## DATA SHOWN
#####

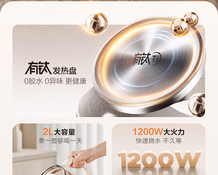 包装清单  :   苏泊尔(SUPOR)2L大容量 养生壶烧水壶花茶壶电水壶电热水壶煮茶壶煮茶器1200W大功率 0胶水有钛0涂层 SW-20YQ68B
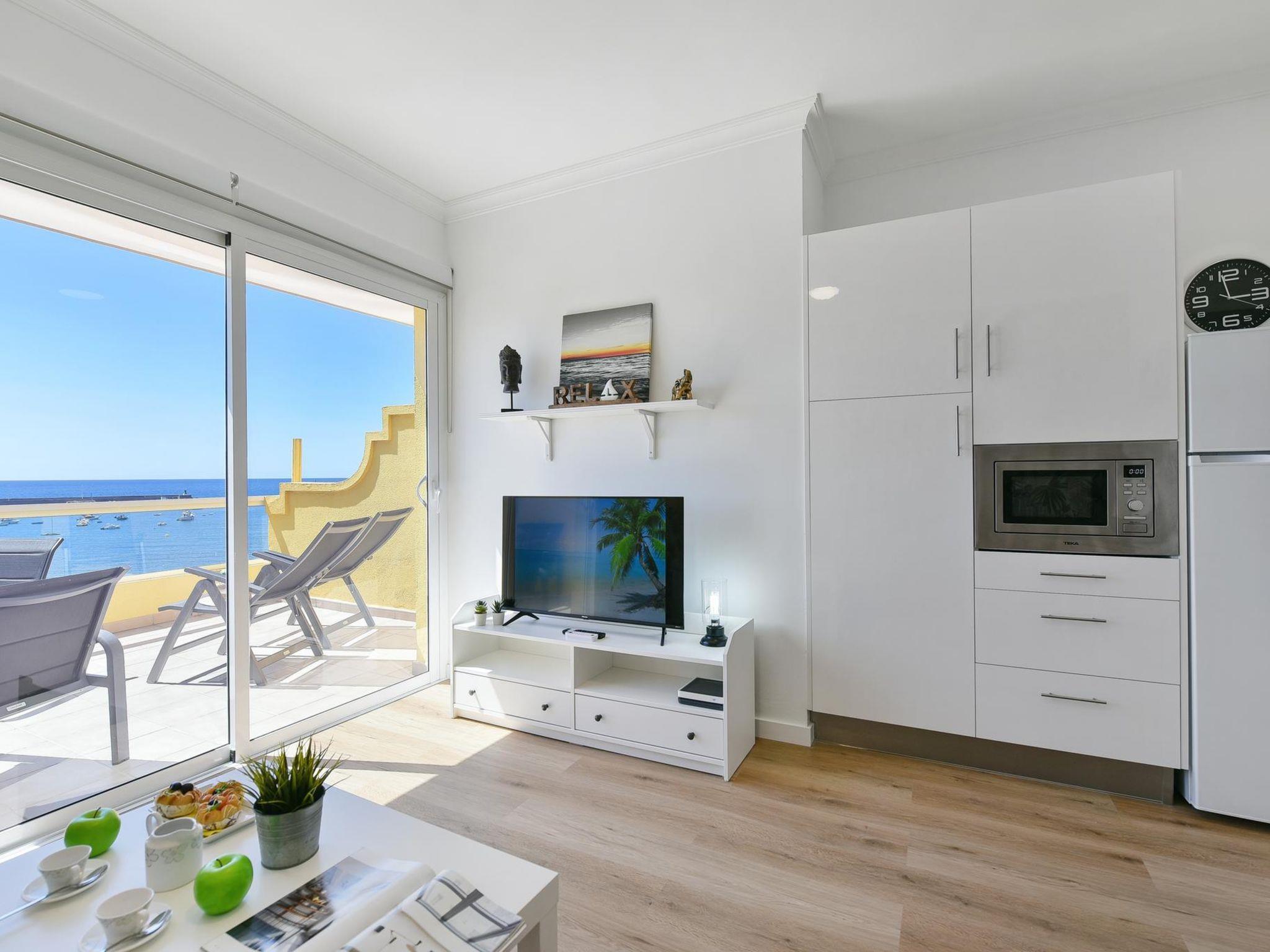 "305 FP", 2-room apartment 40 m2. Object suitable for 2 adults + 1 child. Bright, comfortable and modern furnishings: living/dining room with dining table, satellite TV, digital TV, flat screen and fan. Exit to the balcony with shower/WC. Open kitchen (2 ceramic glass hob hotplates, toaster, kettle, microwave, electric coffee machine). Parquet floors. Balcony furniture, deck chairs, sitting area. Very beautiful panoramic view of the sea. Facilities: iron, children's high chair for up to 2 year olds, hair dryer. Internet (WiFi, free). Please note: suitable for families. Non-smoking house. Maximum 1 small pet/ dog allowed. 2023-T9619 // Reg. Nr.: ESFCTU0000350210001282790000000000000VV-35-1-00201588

#####

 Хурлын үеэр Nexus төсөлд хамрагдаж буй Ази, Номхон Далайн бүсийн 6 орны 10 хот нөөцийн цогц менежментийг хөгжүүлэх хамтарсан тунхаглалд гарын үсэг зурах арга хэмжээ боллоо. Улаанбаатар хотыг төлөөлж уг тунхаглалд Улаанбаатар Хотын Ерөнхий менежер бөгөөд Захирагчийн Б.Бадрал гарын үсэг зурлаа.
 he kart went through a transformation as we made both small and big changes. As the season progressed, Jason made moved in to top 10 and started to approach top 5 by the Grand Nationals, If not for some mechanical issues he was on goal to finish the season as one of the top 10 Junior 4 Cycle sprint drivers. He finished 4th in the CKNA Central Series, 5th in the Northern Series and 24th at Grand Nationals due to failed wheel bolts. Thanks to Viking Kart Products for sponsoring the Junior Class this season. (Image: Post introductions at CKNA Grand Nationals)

#####

In the listing above, find the line containing "养生壶烧水壶花茶壶电水壶电热水壶煮茶壶煮茶器1200W大功率 0胶水有钛0涂层 SW-20YQ68B" and the line containing "Reg. Nr.: ESFCTU0000350210001282790000000000000VV-35-1-00201588". Print those two lines and every line between them exactly, with no pictures.

## WRITTEN RESPONSE
 包装清单  :   苏泊尔(SUPOR)2L大容量 养生壶烧水壶花茶壶电水壶电热水壶煮茶壶煮茶器1200W大功率 0胶水有钛0涂层 SW-20YQ68B
 "305 FP", 2-room apartment 40 m2. Object suitable for 2 adults + 1 child. Bright, comfortable and modern furnishings: living/dining room with dining table, satellite TV, digital TV, flat screen and fan. Exit to the balcony with shower/WC. Open kitchen (2 ceramic glass hob hotplates, toaster, kettle, microwave, electric coffee machine). Parquet floors. Balcony furniture, deck chairs, sitting area. Very beautiful panoramic view of the sea. Facilities: iron, children's high chair for up to 2 year olds, hair dryer. Internet (WiFi, free). Please note: suitable for families. Non-smoking house. Maximum 1 small pet/ dog allowed. 2023-T9619 // Reg. Nr.: ESFCTU0000350210001282790000000000000VV-35-1-00201588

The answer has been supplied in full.